[[ RECORD EXTRACTS, beginning ]]
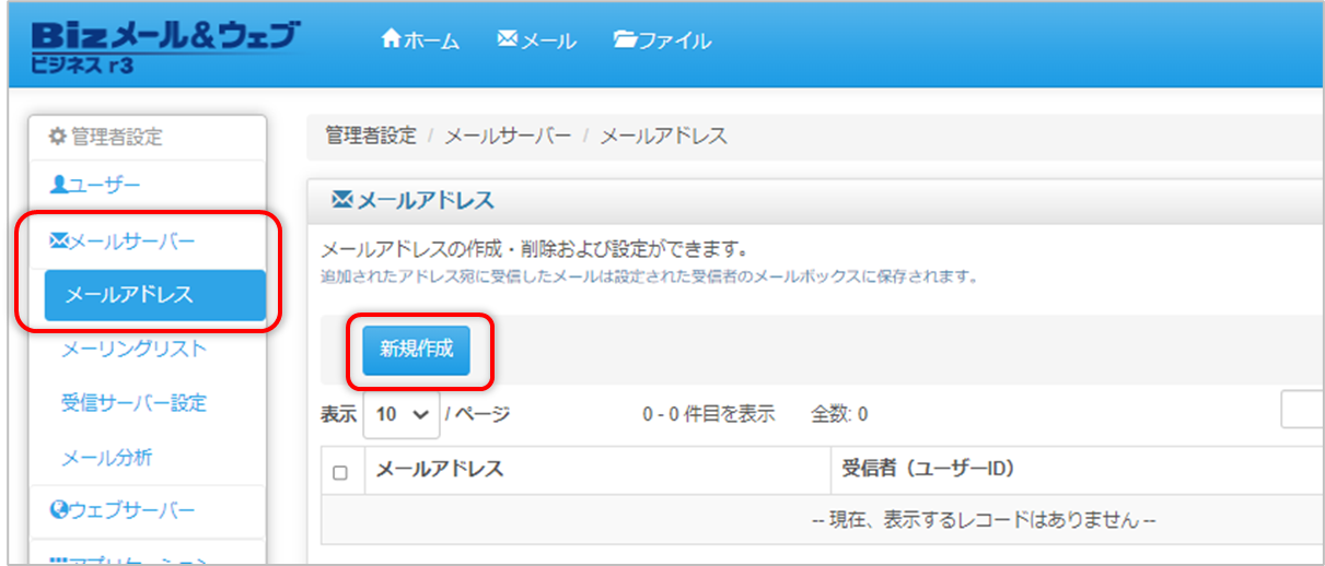[2]左メニューの[メールサーバー>メールアドレス]をクリックしてメールアドレス画面を開き、[新規作成]をクリックする
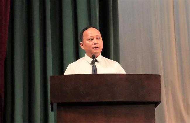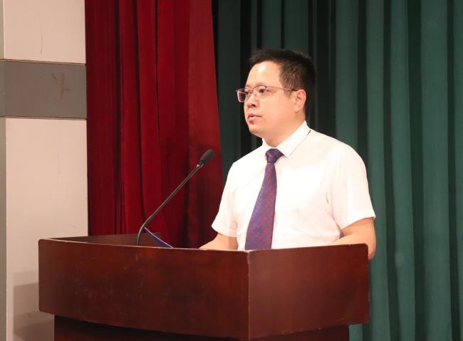教师代表、会计系党支部书记孙海燕发言,她希望同学们做有道德、懂自律、有目标、内心强大的人,向初心前行,披荆斩棘、乘风破浪,在百年未有之大变局中书写青春力量。
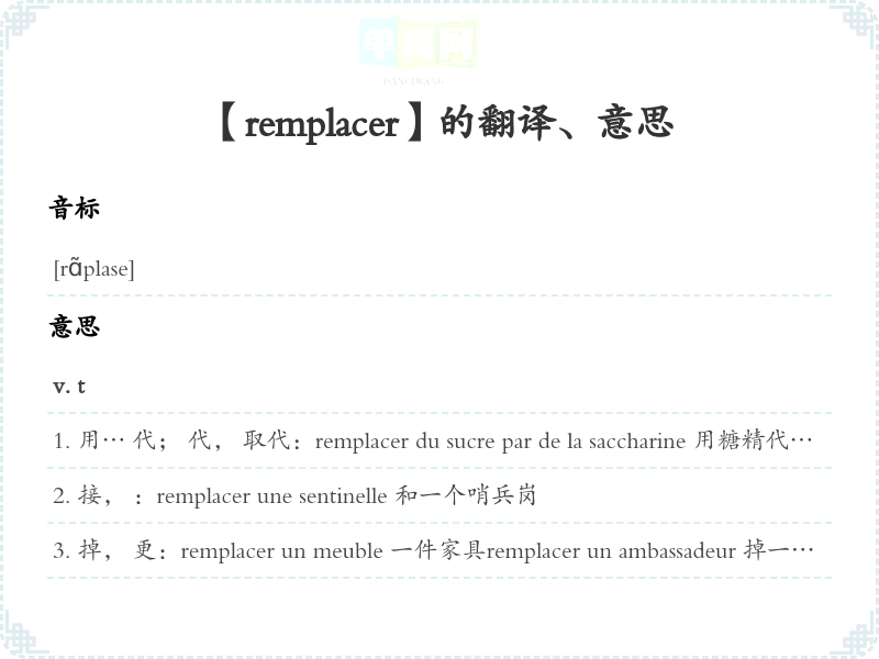 用… 代; 代, 取代:remplacer du sucre par de la saccharine 用糖精代糖La traction électrique remplace de plus en plus la traction à vapeur. 电力牵引逐步取代蒸汽牵引。 remplacer qn à une cérémonie 代某人参加一个仪式
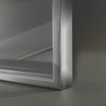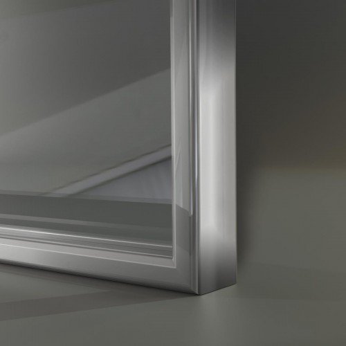 Esta mampara tiene un cerco perimetral de aluminio de tan solo 0,4 cm en acabado aluminio plata brillo, lo que le da un que moderno y sofisticado, alineado con las nuevas tendencias de mercado. El perfil de color plata brillante le otorga un toque de sofisticación y modernidad al baño, adaptándose a diversos estilos de decoración. Su altura de dos metros proporciona una cobertura amplia, ideal para duchas espaciosas, asegurando una protección efectiva contra salpicaduras de agua.
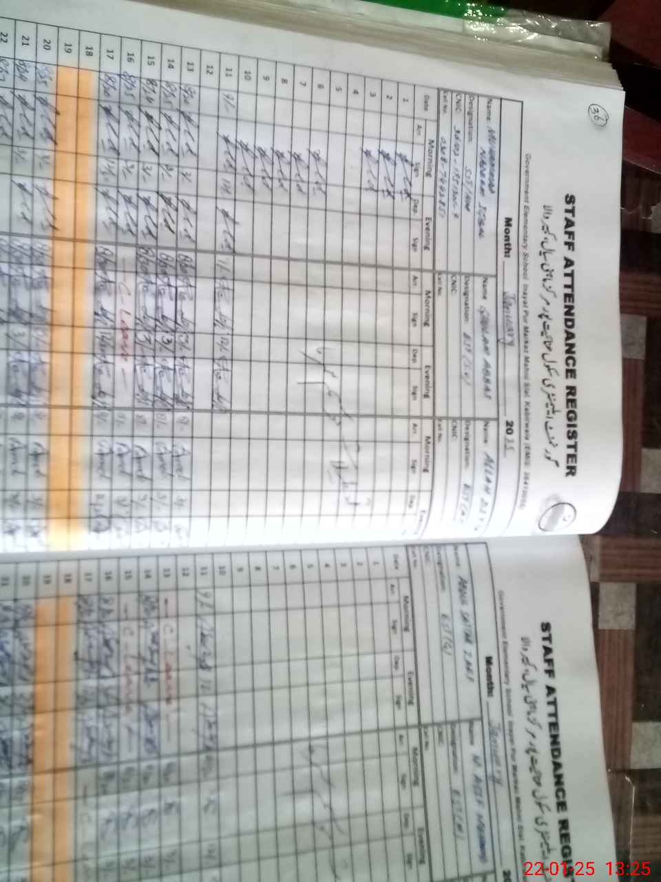 | CNIC | Full Name | Designation | R/C | Absence During Last Calender Month |
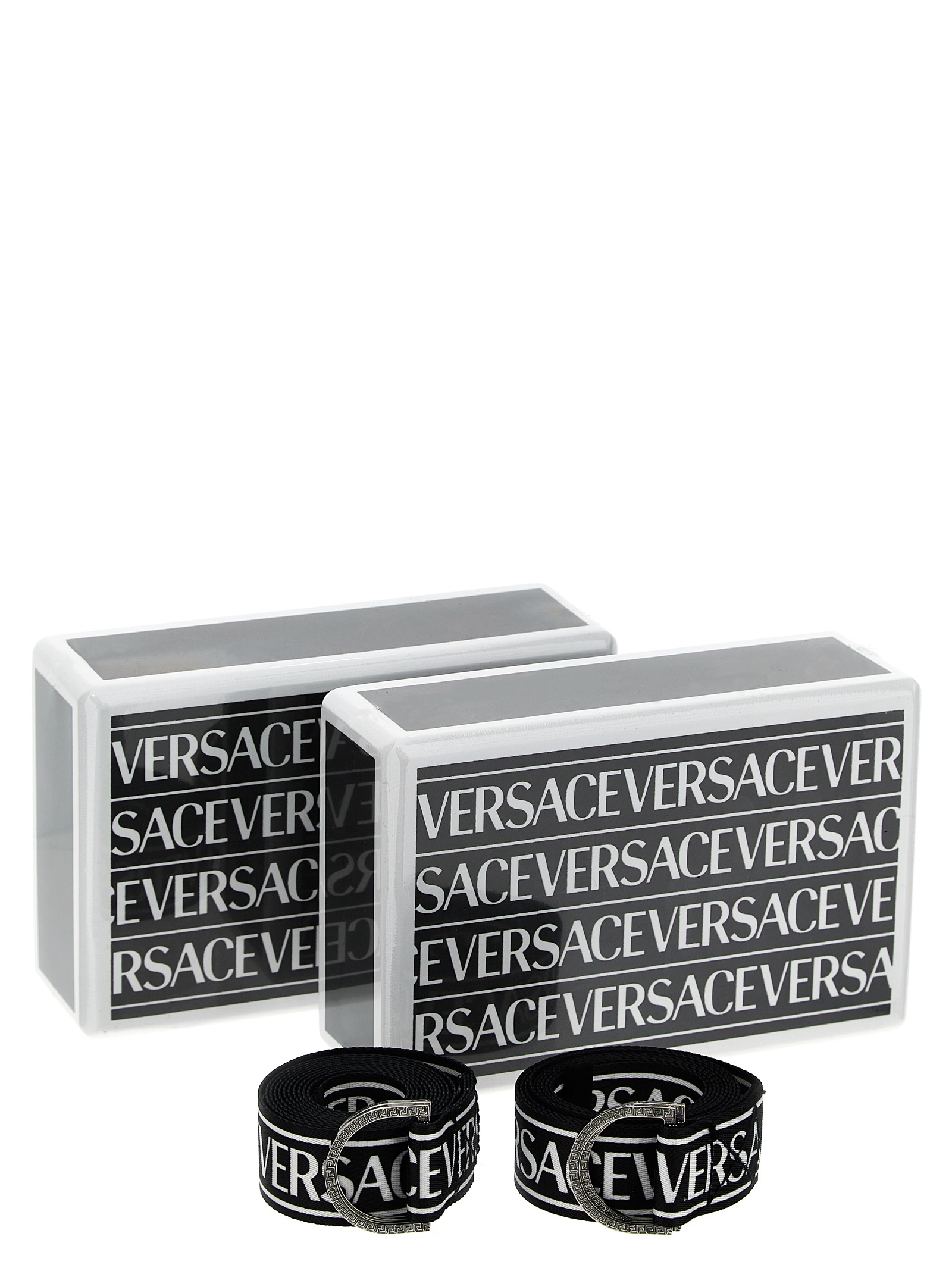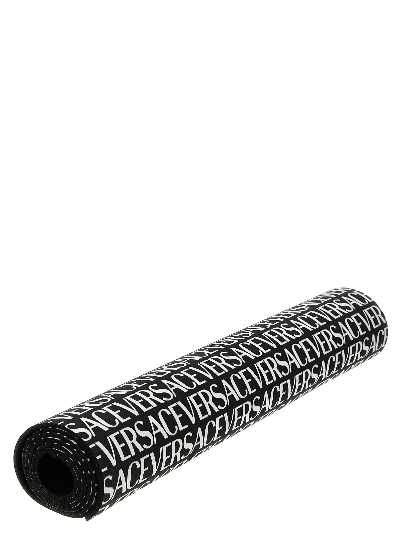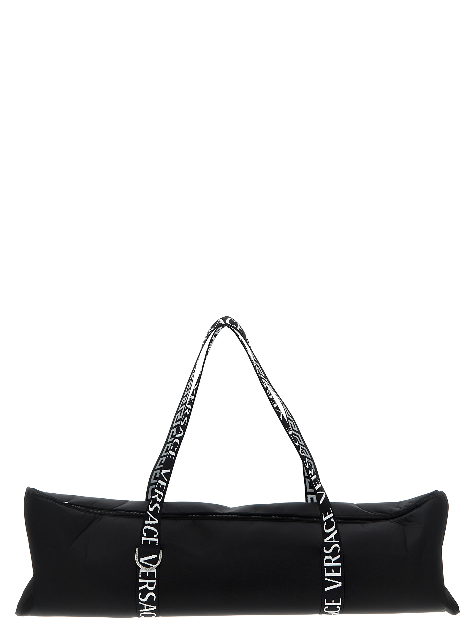 Versace Allover nylon duffel bag with yoga mat, two blocks, and two straps inside.
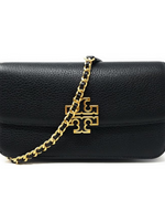 Tory Burch Women’s Britten Chain Wallet with Wristlet – Black Pebbled Leather Designer Clutch with Chain Accent
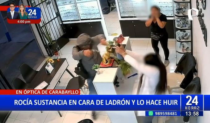 En el distrito de Carabayllo, la trabajadora de una óptica se salvó de ser víctima de la inseguridad ciudadana, luego que un delincuente ingresó a su centro de labores para asaltarla a ella y a su compañera de trabajo.
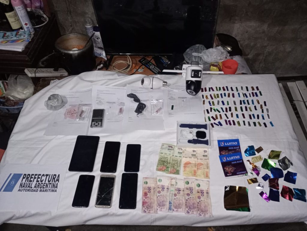 Los oficiales de Prefectura Naval Argentina, secuestraron 173 gramos de cocaína, 61 gramos de marihuana, 903 mil pesos en efectivo, 15 teléfonos celulares, 1 escopeta recortada -puede considerarse arma de guerra- calibre 12 y 19 municiones de distintos calibres, tres balanzas de precisión, una table, dos cámaras de videovigilancia tipo domo, un reloj Smartwacht, dos micro SD, siendo el aforo de todos los elementos secuestrados de más de 9 millones con 900 mil pesos.
[[ RECORD EXTRACTS, end ]]
EXERCISE AIM:
Range to copy from the records above: the line containing "Versace Allover nylon" to the line containing "Tory Burch Women’s", both included. Output those lines exactly and only those, skipping pictures.

EXERCISE SOLUTION:
 Versace Allover nylon duffel bag with yoga mat, two blocks, and two straps inside.
 Tory Burch Women’s Britten Chain Wallet with Wristlet – Black Pebbled Leather Designer Clutch with Chain Accent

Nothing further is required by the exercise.